But wouldn't the gain be greater under something similar to EdgePartition1D
(but perhaps better load-balanced based on number of edges for each vertex) and
an algorithm that primarily follows edges in the forward direction?
From: Ankur Dave <[email protected]>
To: Michael Malak <[email protected]>
Cc: "[email protected]" <[email protected]>
Sent: Monday, January 19, 2015 2:08 PM
Subject: Re: GraphX vertex partition/location strategy
No - the vertices are hash-partitioned onto workers independently of the edges.
It would be nice for each vertex to be on the worker with the most adjacent
edges, but we haven't done this yet since it would add a lot of complexity to
avoid load imbalance while reducing the overall communication by a small factor.

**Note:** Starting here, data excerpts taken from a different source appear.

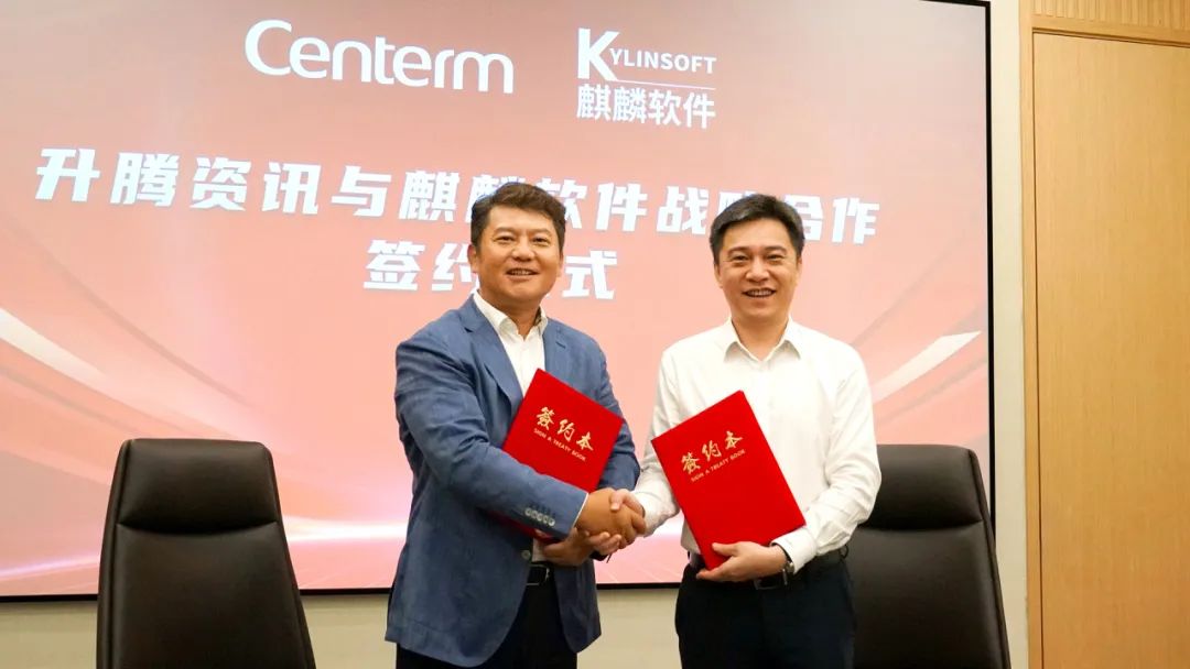 升腾资讯与麒麟软件战略签约,左一为升腾资讯总裁郑宏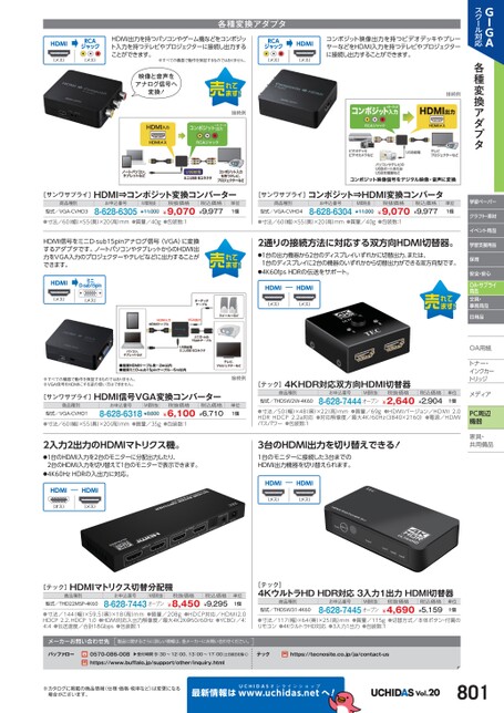 GIGAスクール対応各種変換アダプタ学習ペーパークラフト・素材イベント用品学習支援用品保育安全・安心OA・サプライ用品文具・事務用品日用品OA用紙用紙トナー・トナー・インクカーインクカートリッジメディアィアPC周辺機器家具・具・共用備品用HDMIRCAジャック(メス)(メス)HDMI出力を持つパソコンやゲーム機などをコンポジット入力を持つテレビやプロジェクターに接続し出力することができます。※すべての機器で動作を保証するものではありません。RCAジャックHDMI(メス)(メス)コンポジット映像出力を持つビデオデッキやプレーヤーなどをHDMI入力を持つテレビやプロジェクターに接続し出力することができます。各種変換アダプタ映像と音声をアナログ信号へ変換!接続例[サンワサプライ]HDMI⇒コンポジット変換コンバーター商品種別型式/VGA-CVHD3お申込番号8-628-6305M価税抜¥11,000税抜価格¥9,070税込価格¥9,977単位1個接続例単位1個[サンワサプライ]コンポジット⇒HDMI変換コンバータ商品種別型式/VGA-CVHD4お申込番号8-628-6304M価税抜¥11,000税抜価格¥9,070税込価格¥9,977●寸法/60(幅)×55(奥)×20(高)mm●質量/40g●包装数:1●寸法/60(幅)×55(奥)×20(高)mm●質量/40g●包装数:1HDMI信号をミニD-sub15pinアナログ信号(VGA)に変換するアダプタです。ノートパソコンやタブレットからのHDMI出力をVGA入力のプロジェクターやテレビなどに出力することができます。HDMI(メス)ミニD-sub15pin(メス)※すべての機器で動作を保証するものではありません。※VGA信号をHDMIにする逆の使い方はできません。[サンワサプライ]HDMI信号VGA変換コンバーター商品種別型式/VGA-CVHD1お申込番号M価税抜8-628-6318¥8,600税抜価格¥6,100税込価格¥6,710●寸法/60幅)×55奥)×20高)mm●質量/35g●包装数:12入力2出力のHDMIマトリクス機。●1台のHDMI入力を2台のモニターに分配出力したり、2台のHDMI入力を切り替えて1台のモニターで表示できます。●4K60HzHDRの入出力に対応。HDMIHDMI(オス)(メス)接続例単位1個[テック]HDMIマトリクス切替分配機商品種別型式/THD22MSP-4K60お申込番号M価税抜8-628-7443オープン税抜価格¥8,450税込価格¥9,295単位1個●寸法/144(幅)×59.5(奥)×18(高)mm●質量/208g●HDCP対応/HDMI2.0HDCP2.2、HDCP1.0●HDMI対応入出力解像度/最大4K2K@50/60Hz●YCBCr/4:4:4●伝送速度/合計18Gbps●包装数:1メーカーお問い合わせ先製品に関するさらに詳しい情報は、各メーカーにお問い合わせください。バッファロー0570-086-008https://www.buffalo.jp/support/other/inquiry.html▲受付時間9:30〜12:00、13:00〜17:00(土日祝日を除く)2通りの接続方法に対応する双方向HDMI切替器。●1台の出力機器から2台のディスプレイいずれかに切替出力、または、1台のディスプレイに2台の機器のいずれかから切替出力ができる双方向型です。●4K60fpsHDRの伝送をサポート。HDMIHDMI(メス)(メス)[テック]4KHDR対応双方向HDMI切替器商品種別型式/THDSW2W-4K60お申込番号M価税抜8-628-7444オープン税抜価格¥2,640税込価格¥2,904単位1個●寸法/50(幅)×48(奥)×22(高)mm●質量/69g●HDMIバージョン/HDMI2.0HDRHDCP2.2a対応●対応解像度/最大4K/60Hz3840×2160)●電源/HDMIバスパワー●包装数:13台のHDMI出力を切り替えできる!1台のモニターに接続した3台までのHDMI出力機器を切り替えられます。HDMIHDMI(メス)(メス)[テック]4KウルトラHDHDR対応3入力1出力HDMI切替器商品種別型式/THDSW31-4K60お申込番号M価税抜8-628-7445オープン税抜価格¥4,690税込価格¥5,159単位1個●寸法/117幅)×64(奥)×25(高)mm●質量/115g●切替方式/本体ボタン・付属のリモコン●4KウルトラHD対応●3入力1出力●包装数:1テックhttps://tecnosite.co.jp/ja/contact-us※カタログに掲載の商品情報(仕様・価格・税率など)は変更になる場合がございます。最新情報はUCHIDASww.uchidas.netwへ!Vol.20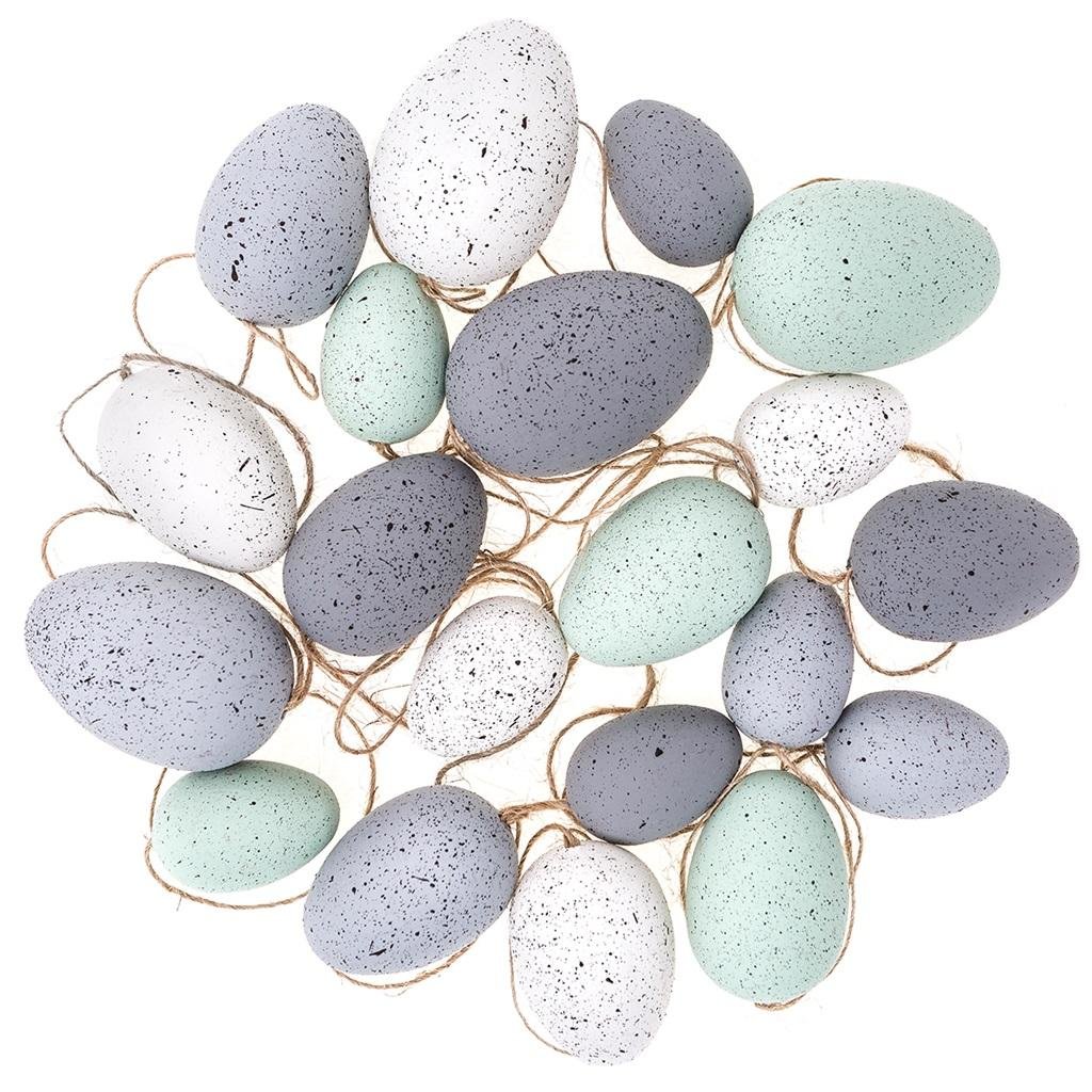 Elegancki zestaw delikatnie nakrapianych jajek z zawieszką, w stonowanych odcieniach szarości i mięty.Pisanki zostały pokryte matową farbą na bazie wody. Wysoka jakość wykonania sprawia, że prezentują się bardzo naturalnie. Niezastąpione przy...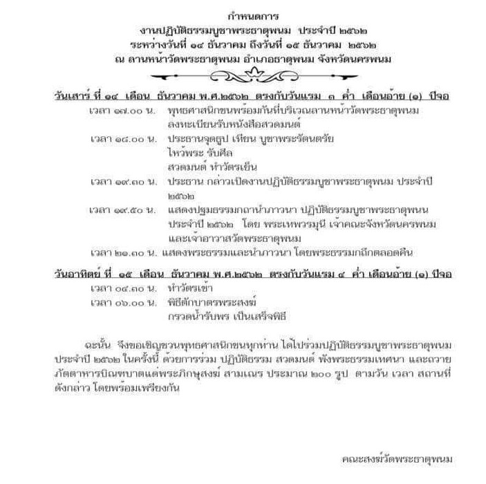 มีหลายท่านถามว่าปีนี้ มีปฏิบัติบูชาส่งท้ายปีที่ธาตุพนมไหม ? เมื่อวานนี้ เพิ่งได้รับข่าวนี้ จาก ททท.ภาคอีสานและเช้านี้ ท่านพระครูไก่ - พนมปรีชากร กรุณาให้รายละเอียดว่าตามที่พวกเราจากสวนโมกข์กรุงเทพไปเริ่มถวายงานไว้และ ททท. กับ จังหวัดนครพนม รับช่วงไว้เพื่อสานต่อนั้นปีนี้ทางวัดจัดเองแล้วโดยร่วมกับท่านพระครูปริยัติฯ แห่งคณะมหาทานลำปาว เป็นเจ้าการ รายละเอียดต่าง ๆ ตามแนบครับ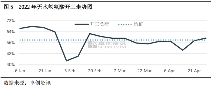4月份以来无水氢氟酸开工5成左右。部分厂家在利润偏低的现状下,降负检修;其次局部地区交通受限,厂家出货不畅,库存压力也促使厂家低负荷运转;同时也有部分厂家原料受限,开工无法提升。在市场环境的作用下,无水氢氟酸局部地区货有偏紧表现。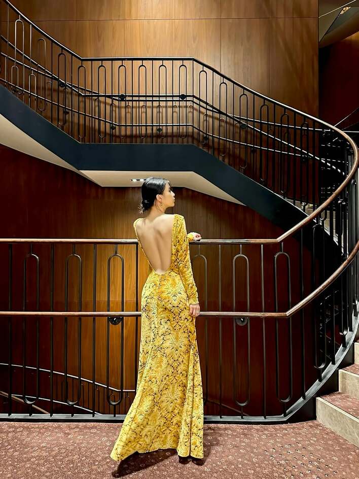 東京国際映画祭に出席したときの美背中際立つタイトドレス姿を公開しました。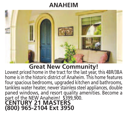 ANAHEIM Great New Community! Lowest priced home in the tract for the last year, this 4BR/3BA home is in the historic district of Anaheim. This home features four spacious bedrooms, upgraded kitchen and bathrooms, tankless water heater, newer stainless steel appliances, double paned windows, and resort quality amenities. Become a part of the NEW Anaheim! $399,900. CENTURY 21 MASTERS (800) 965-2104 Ext 3950 See also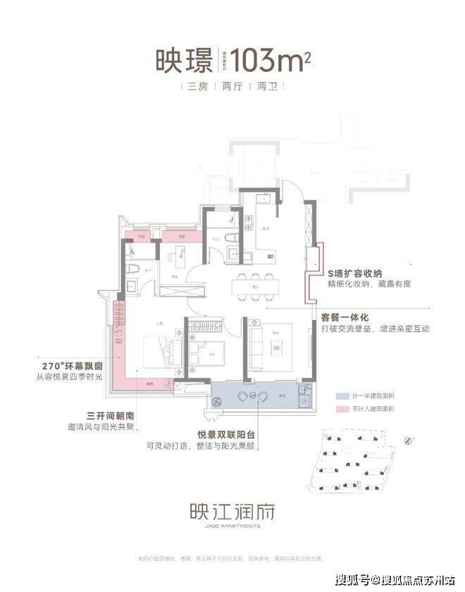 建面约103㎡3房2厅2卫边套户型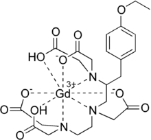 Gadoxetic acid is a gadolinium-based MRI contrast agent. Its salt, gadoxetate disodium, is marketed as Primovist in Europe and Eovist in the United States by Bayer HealthCare Pharmaceuticals.[1]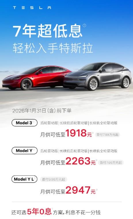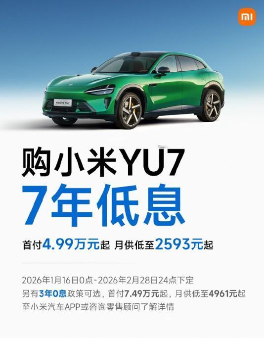 理想也跟进了7年低息购车方案,前两家分别为特斯拉和小米汽车。 1.理想汽车(2026年1月20日推出) 适用车型:全系(L6/L7/L8/L9/i6/i8/MEGA)。 首付:3.25万元起(L6 Pro为例)。 月供:低至2578元起。 利率:L6/L7/L8/L9/i6:年化利率4.69%-4.71%; i8/MEGA:年化利率3.22%-3.23%,且享前3年0息。 2.特斯拉(2026年1月6日推出) 适用车型:Model 3、Model Y、Model YL系列。 首付:7.99万元起(Model 3/Y)、9.99万元起(Model YL)。 月供:低至1918元(Model 3/Y)或2947元(Model YL)。 利率:年化利率约0.98%,7年总利息约6500元。 配套福利:Model YL同步推5年0息方案,叠加国家置换补贴最高省7.5万元。 3.小米汽车(2026年1月15日推出) 适用车型:YU7 首付:4.99万元起,行业最低门槛。 月供:低至2593元起。 利率:年化利率约1.93%,7年总利息约1.42万元。 限时权益:全系赠双零重力座椅,3年0息方案可选(首付7.49万起)。 大家觉得还会有其他车企跟进吗?【来自懂车帝车友圈】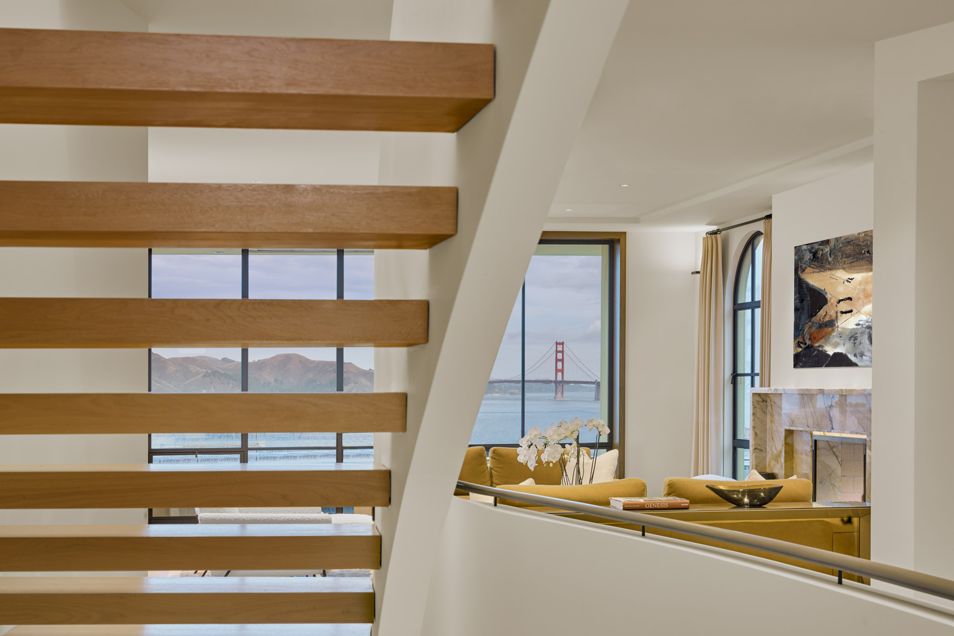 Aside from the practical aspects of connecting three floors of domesticity, it’s the vertical and essential counterpoint to the stacked horizontality of the house and is further accentuated with natural light from the large skylight that is also ellipsoidal, which brings in that special California light. The carefully proportioned treads with open risers allow light to reach further down while creating shadow play. They also allow for views from the library to the living room and to the iconic Golden Gate Bridge beyond. From an artistic perception. it's designed to be the poetic sculpture of the house - to be admired from above, below, and laterally in three directions. It constantly changes based on the viewer's position, changing light, and intoxication.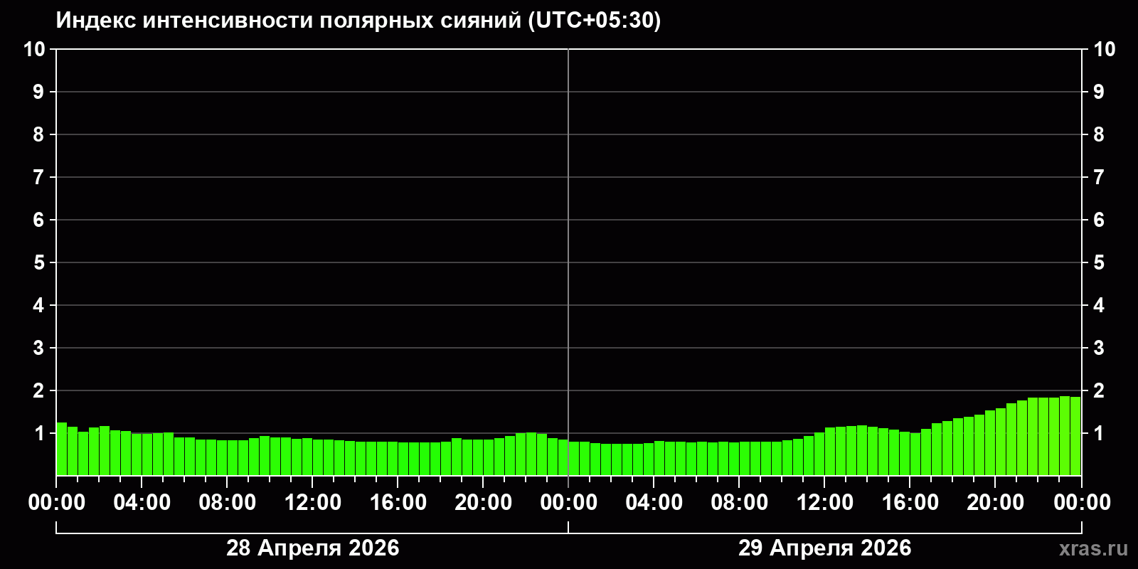 Изменения индекса интенсивности полярных сияний с 2026-04-28 по 2026-04-29 по местному времени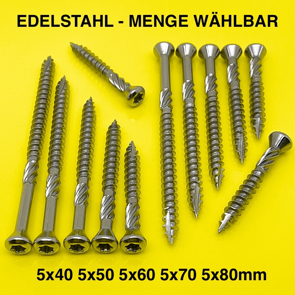 Hey, diese Terrassenschrauben von RE-SCHRAUB sind genau das Richtige für dein nächstes Terrassen-Projekt! Aus echtem Edelstahl A2, also komplett rostfrei und perfekt für draußen. Mit 5,5mm Durchmesser und 50mm Länge - ideal für die meisten Terrassendielen. Die Cut-Spitze macht das Ansetzen mega einfach und der Linsen-Senkkopf mit Fräsrippen sorgt für eine super saubere Optik. Torx TX25 Antrieb inklusive - da verrutscht nichts! Wichtig: Je nach Holz kann Vorbohren nötig sein und am besten mit niedriger Drehzahl arbeiten. Pro m² brauchst du so etwa 30 Stück. Kommen in praktischen Kartons zu 100 Stück - perfekt für dein Projekt!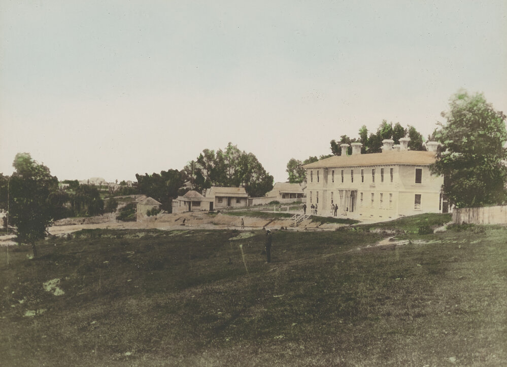 Date1880-1935Reference NumberPhoto 21-1283DescriptionTwo photos, one of the Government Buildings, the other of Edwardian Post Office that replaced it. Mounted beside each other in a wooden frame. One taken in 1880 and one in 1935.FormatPrint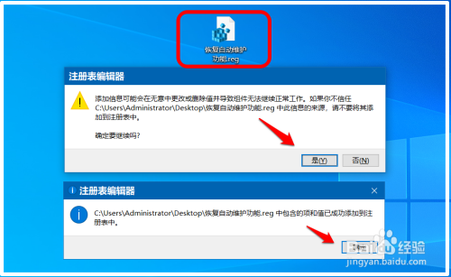 我们将【恢复主动维护功能.reg】注册表文件添加到注册内外今后,就恢复了系统的主动维护功能。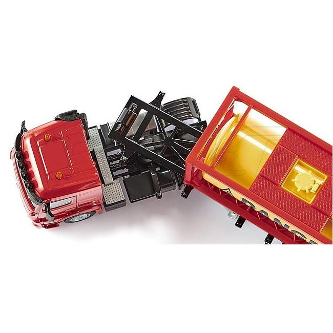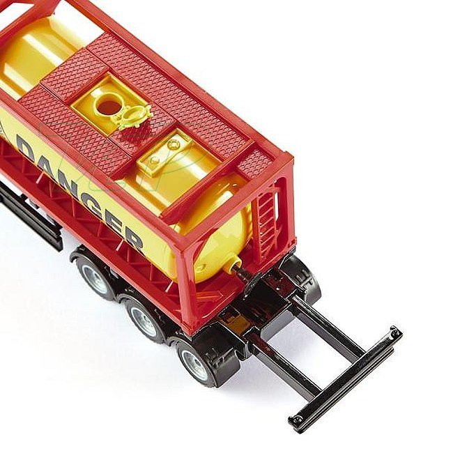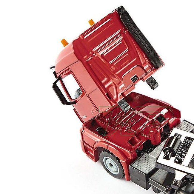 A SIKU Mercedes-Benz utánfutóval és tartályos konténer rakománnyal vontató modell fülkéje billenthető, a tartályos konténer a pótkocsiról levehető, középre vagy akár a hátsó részre is tehető, így egyszerre két konténert is szállíthatsz az utánfutón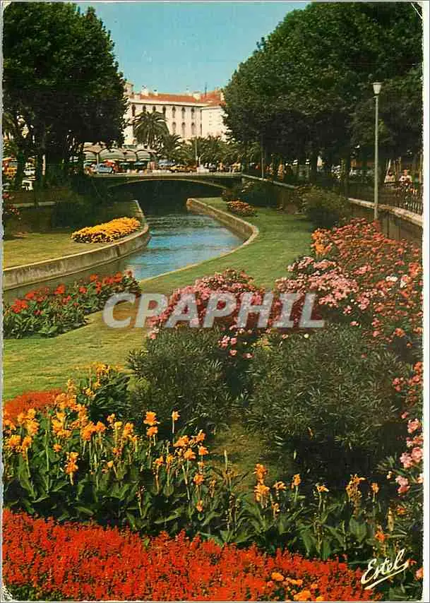 Cartes postales moderne Perpignan Pyrenees Orientales Les rives fleuries de la Basse et a l'arriere plan la place Arago

We refer to the number of partitions containing adjacent edges for a particular
vertex as the vertex's replication factor. I think the typical replication
factor for power-law graphs with 100-200 partitions is 10-15, and placing the
vertex at the ideal location would only reduce the replication factor by 1.
Ankur
On Mon, Jan 19, 2015 at 12:20 PM, Michael Malak
<[email protected]> wrote:
Does GraphX make an effort to co-locate vertices onto the same workers as the
majority (or even some) of its edges?